→ Recorded data:
•••

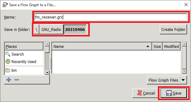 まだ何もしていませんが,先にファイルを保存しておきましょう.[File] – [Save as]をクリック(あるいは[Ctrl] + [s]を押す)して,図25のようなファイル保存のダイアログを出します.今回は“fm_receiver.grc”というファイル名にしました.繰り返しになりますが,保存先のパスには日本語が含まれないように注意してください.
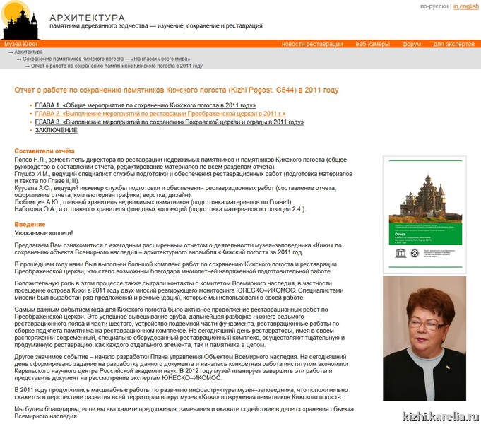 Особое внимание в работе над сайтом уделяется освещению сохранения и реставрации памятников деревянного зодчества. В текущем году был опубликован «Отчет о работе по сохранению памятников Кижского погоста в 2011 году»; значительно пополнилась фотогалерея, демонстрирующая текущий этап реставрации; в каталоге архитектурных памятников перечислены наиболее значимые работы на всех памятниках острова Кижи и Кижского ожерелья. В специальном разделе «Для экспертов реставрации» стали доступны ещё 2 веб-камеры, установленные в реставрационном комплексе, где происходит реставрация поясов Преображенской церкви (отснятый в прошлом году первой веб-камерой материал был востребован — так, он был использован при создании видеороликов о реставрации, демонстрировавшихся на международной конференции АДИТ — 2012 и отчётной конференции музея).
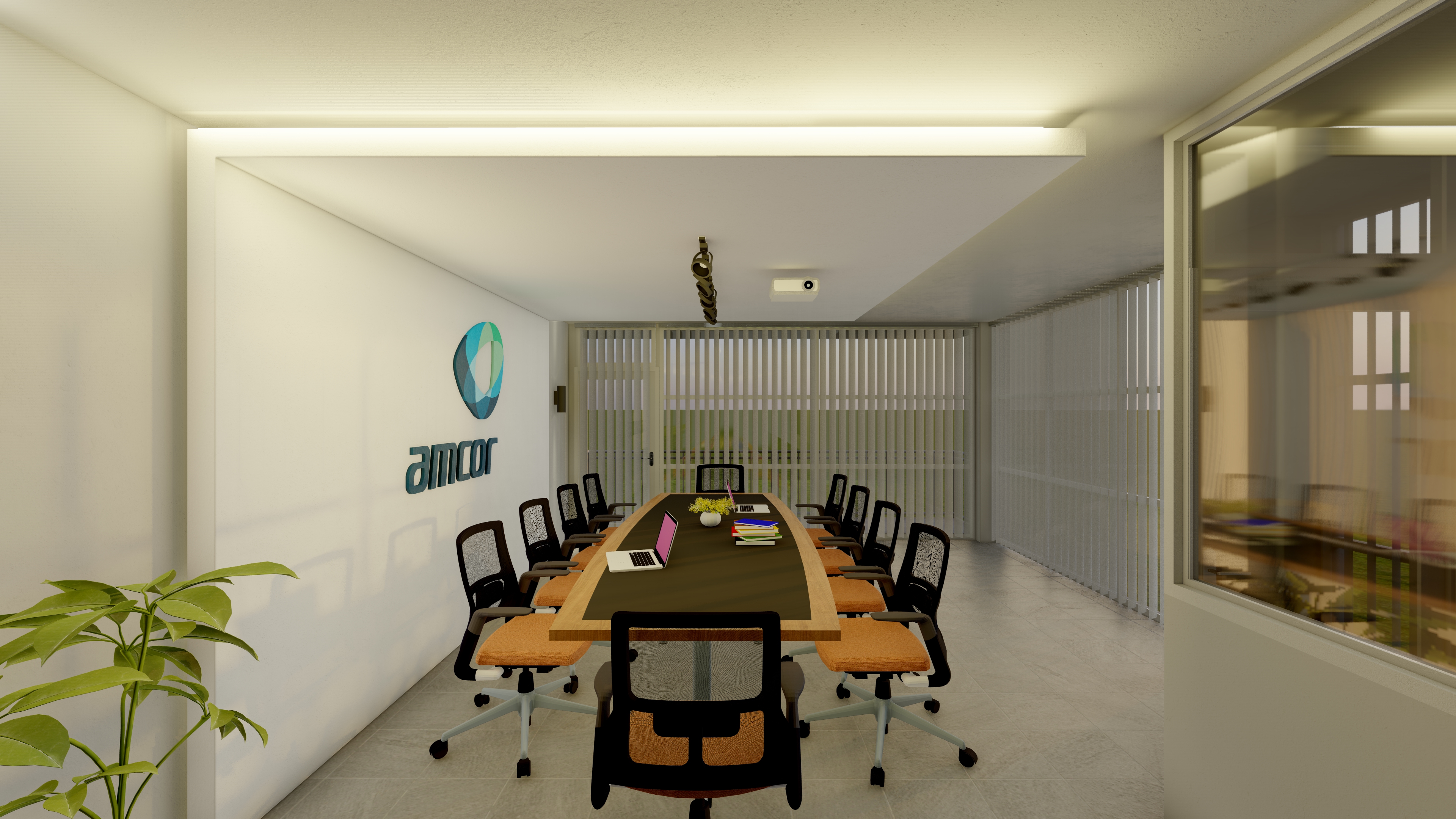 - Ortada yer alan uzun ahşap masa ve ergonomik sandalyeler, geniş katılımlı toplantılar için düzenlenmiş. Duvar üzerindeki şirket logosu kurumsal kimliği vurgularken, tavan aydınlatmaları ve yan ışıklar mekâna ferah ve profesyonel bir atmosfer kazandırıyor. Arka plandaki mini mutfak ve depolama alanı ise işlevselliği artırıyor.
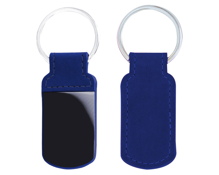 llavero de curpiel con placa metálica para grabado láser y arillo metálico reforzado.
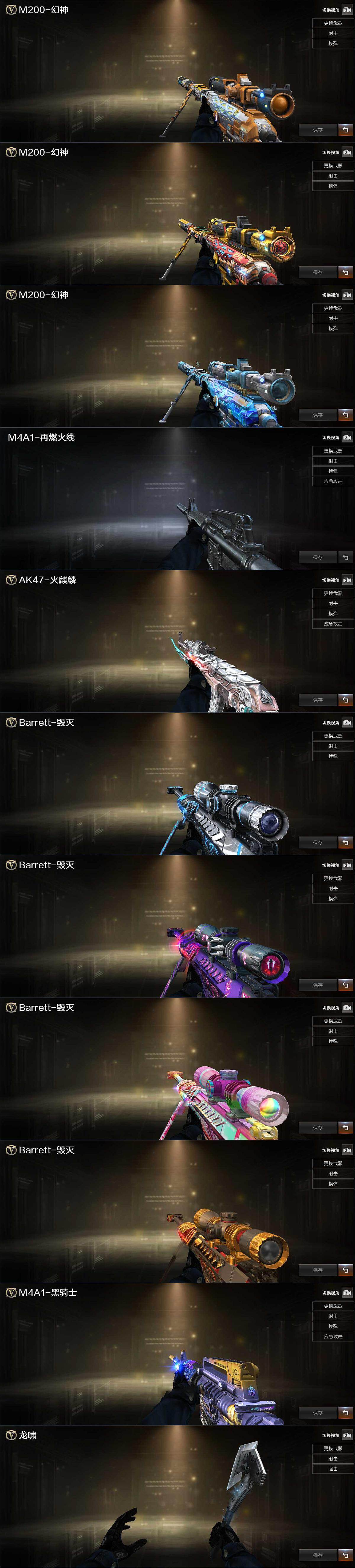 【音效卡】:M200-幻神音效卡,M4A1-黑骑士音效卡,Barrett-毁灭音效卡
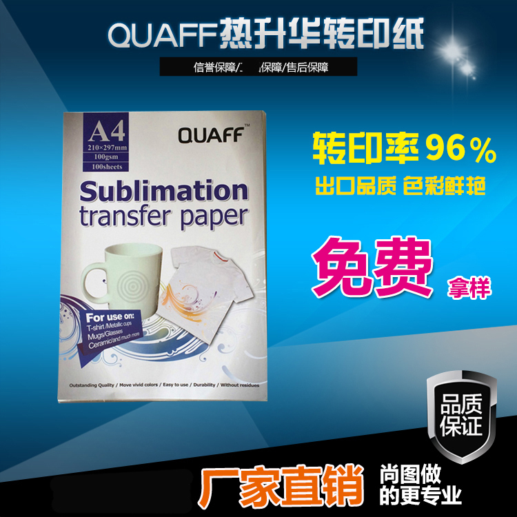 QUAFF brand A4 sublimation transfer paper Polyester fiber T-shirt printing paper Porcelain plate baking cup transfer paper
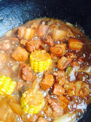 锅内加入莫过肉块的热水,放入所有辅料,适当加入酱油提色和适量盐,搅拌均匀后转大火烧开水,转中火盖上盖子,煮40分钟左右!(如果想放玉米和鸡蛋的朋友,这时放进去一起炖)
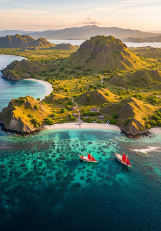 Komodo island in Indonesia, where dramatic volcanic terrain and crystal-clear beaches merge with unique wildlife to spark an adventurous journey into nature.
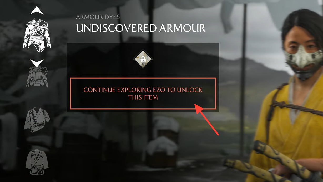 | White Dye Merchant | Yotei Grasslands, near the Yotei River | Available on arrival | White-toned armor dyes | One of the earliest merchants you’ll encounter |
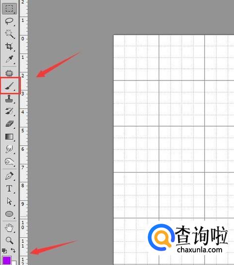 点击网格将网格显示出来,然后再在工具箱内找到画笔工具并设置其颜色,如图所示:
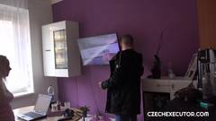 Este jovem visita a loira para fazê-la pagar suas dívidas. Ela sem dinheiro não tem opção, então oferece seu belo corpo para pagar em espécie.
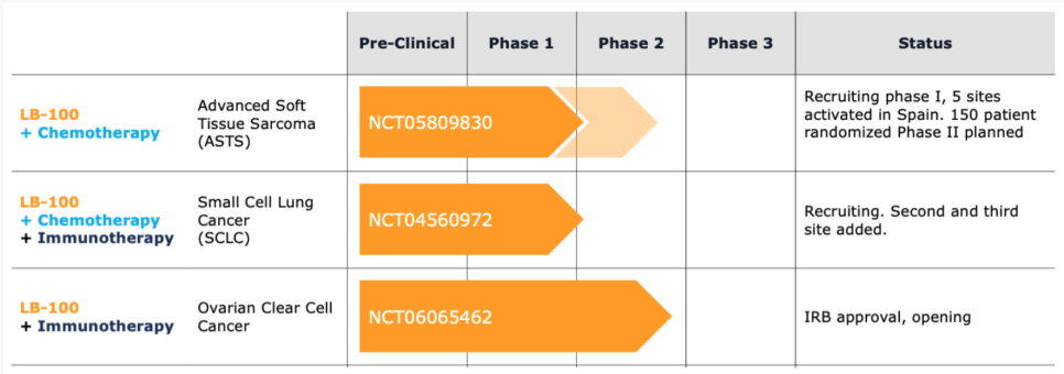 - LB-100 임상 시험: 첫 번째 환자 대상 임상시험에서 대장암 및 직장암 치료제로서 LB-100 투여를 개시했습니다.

•••

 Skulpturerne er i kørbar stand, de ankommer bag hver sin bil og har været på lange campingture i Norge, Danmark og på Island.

•••

→ Instructions to follow: Output exactly the lines above that lie between the line with "锅内加入莫过肉块的热水,放入" and the line with "- LB-100 임상", those two lines included, and no pictures.

→ Answer space:
 锅内加入莫过肉块的热水,放入所有辅料,适当加入酱油提色和适量盐,搅拌均匀后转大火烧开水,转中火盖上盖子,煮40分钟左右!(如果想放玉米和鸡蛋的朋友,这时放进去一起炖)
 Komodo island in Indonesia, where dramatic volcanic terrain and crystal-clear beaches merge with unique wildlife to spark an adventurous journey into nature.
 | White Dye Merchant | Yotei Grasslands, near the Yotei River | Available on arrival | White-toned armor dyes | One of the earliest merchants you’ll encounter |
 点击网格将网格显示出来,然后再在工具箱内找到画笔工具并设置其颜色,如图所示:
 Este jovem visita a loira para fazê-la pagar suas dívidas. Ela sem dinheiro não tem opção, então oferece seu belo corpo para pagar em espécie.
 - LB-100 임상 시험: 첫 번째 환자 대상 임상시험에서 대장암 및 직장암 치료제로서 LB-100 투여를 개시했습니다.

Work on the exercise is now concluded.